Henri Mathiaud le 12 septembre 1940 Droits réservés Gautier Sudre

Matricule « 45.860 » à Auschwitz   Rescapé

Henri Mathiaud : né en 1909 à Clichy (Seine) où il habite ; ajusteur ; communiste ; arrêté le 14 octobre 1940, condamné à 6 mois de prison (Santé, Fresnes) ; interné aux camps d’Aincourt, Rouillé et de Compiègne ; déporté le 6 juillet 1942 à Auschwitz, Monowitz, Sachsenhausen, Schwerin ; Rescapé ; décédé le 21 juin 1960.

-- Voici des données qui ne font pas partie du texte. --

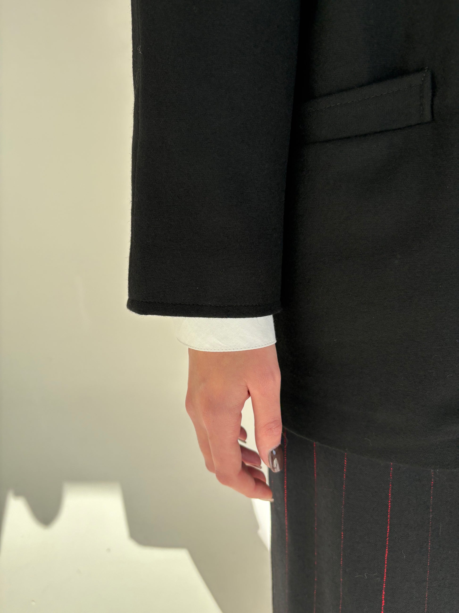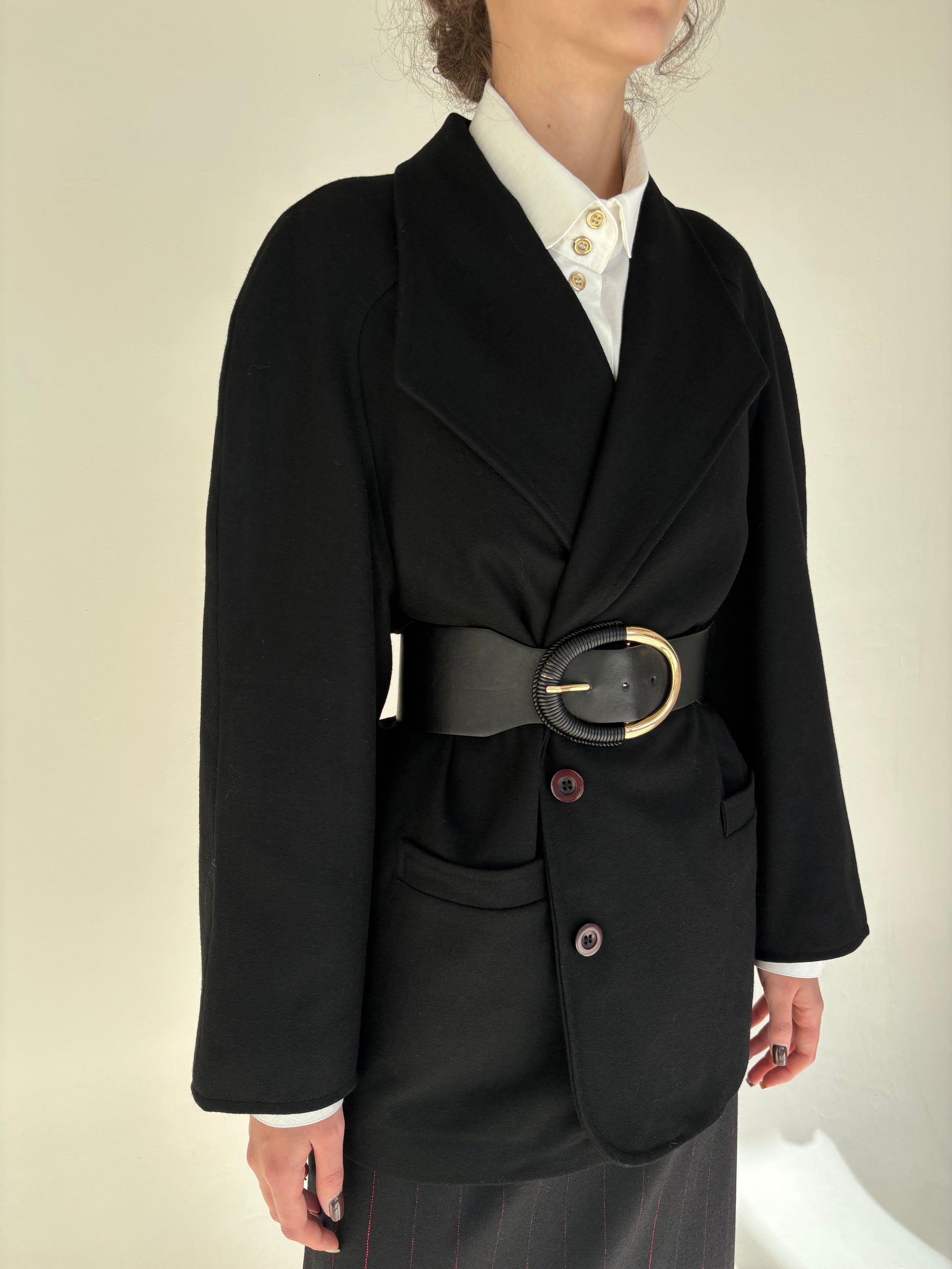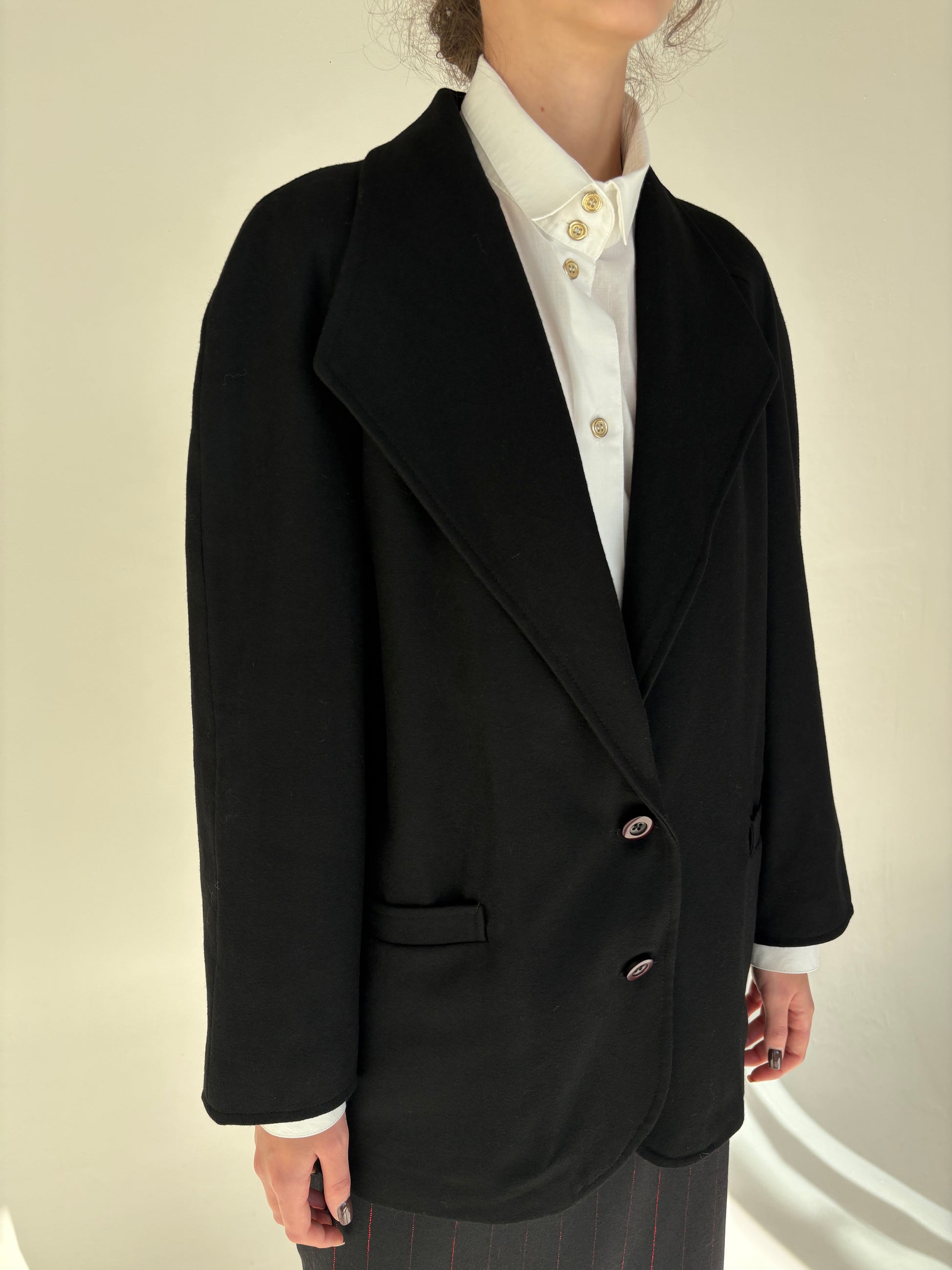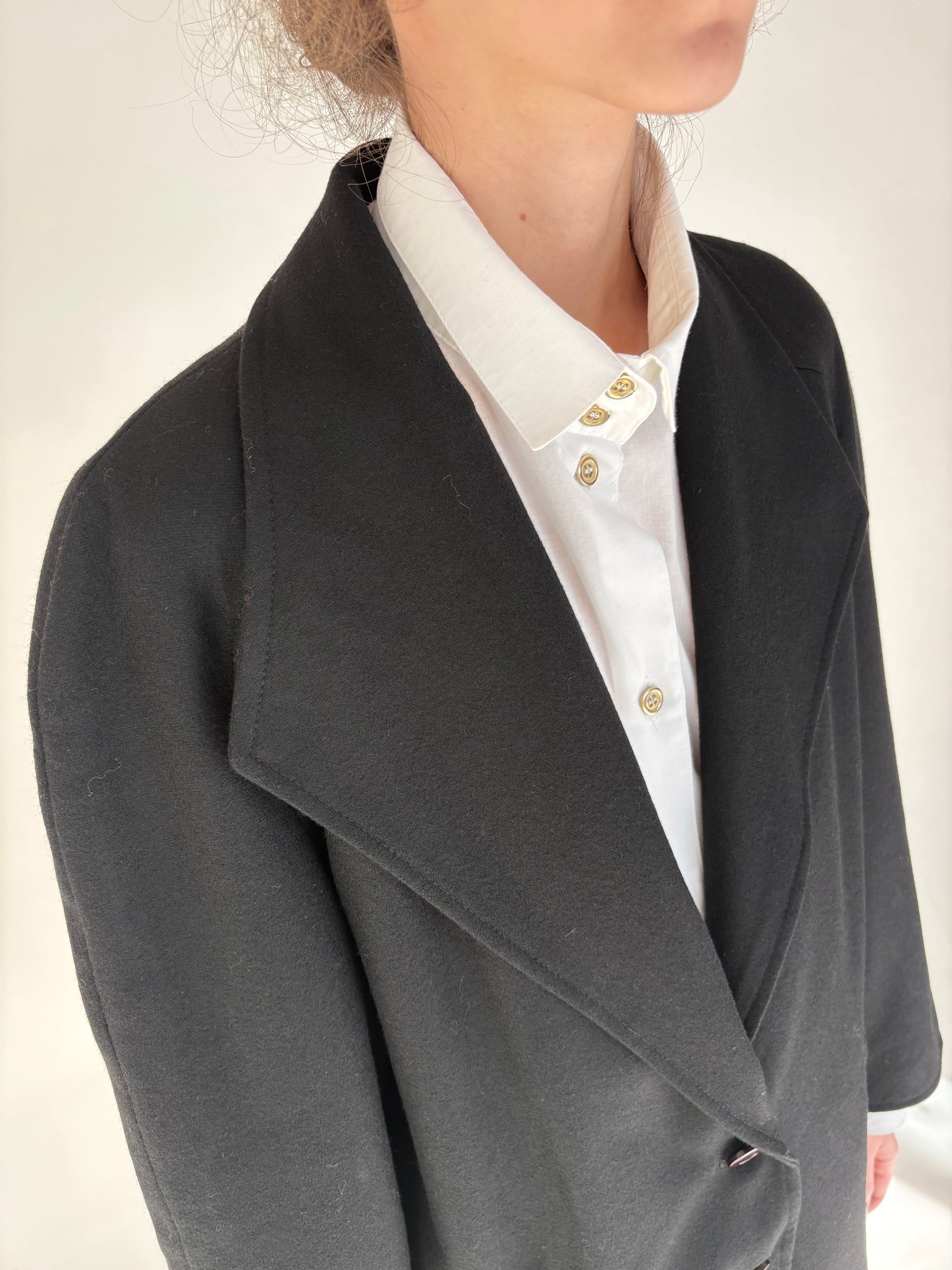 Sacou negru italian din afișa extafina de lana în croi retro modern

Henri Mathiaud est né le 6 août 1909 à Clichy-la-Garenne (ancien département de la Seine) où il habite 29, Passage du Puits Bertin au moment de son arrestation. Il est le fils de Marie Rose Béal, 34 ans, sans profession et de Henri, Michel Mathiaud, 29 ans, journalier, son époux. Ils habitent au 34, rue Petit à Clichy-la-Garenne.
Ses parents, tous deux originaires du même bourg auvergnat, se sont mariés le 18 août 1908, à Saint-Bonnet-Tronçais (Allier).Henri Mathiaud a un demi frère, Arthur Béal, né en 1897, et un frère cadet, Raymond, né en 1912, décédé en 1966.
Au recensement de 1911, la famille Mathiaud a déménagé à Clichy-la-Garenne, au 9, passage du Puits-Bertin (une rue située le long de la voie de chemin de fer St Lazare-St Germain, parallèle à la rue Petit).
Il s’est marié à Levallois le 29 octobre 1932  avec Simone, Marguerite, Lagrange. Il a 23 ans. Elle est brocheuse, vraisemblablement à l’imprimerie Paul Dupont à Clichy, toute proche du domicile de sa mère, veuve, qui habitait au 20, passage Gravel à Levallois-Perret de l’autre côté des voies de chemin de fer St Lazare-St Germain. Elle est âgée de 17 ans, née le 14 juins 1915 à Paris 14ème. Le couple a deux enfants (Andrée, née en 1933 et Michel, né en 1936). En 1935, il s’inscrit sur les listes électorales de Clichy. Au recensement de 1936, Henri Mathiaud est ajusteur-monteur chez Auto place à Levallois.  Il est adhérent du Parti communiste

Le 14 juin 1940, les troupes de la Wehrmacht entrent dans Paris, vidée des deux tiers de sa population. La ville cesse d’être la capitale du pays et devient le siège du commandement militaire allemand en France. Toute la banlieue parisienne est occupée les jours suivants. Le 22 juin, l’armistice est signé. Le 10 juillet 1940 le maréchal Pétain, investi des pleins pouvoirs par l’Assemblée nationale, s’octroie le lendemain le titre de « chef de l’Etat français » et lance la « révolution nationale » en rupture avec nombre de principes républicains (confusion des pouvoirs législatifs et exécutifs ; rejet du multipartisme, suppression des syndicats et du droit de grève, antisémitisme d’état…).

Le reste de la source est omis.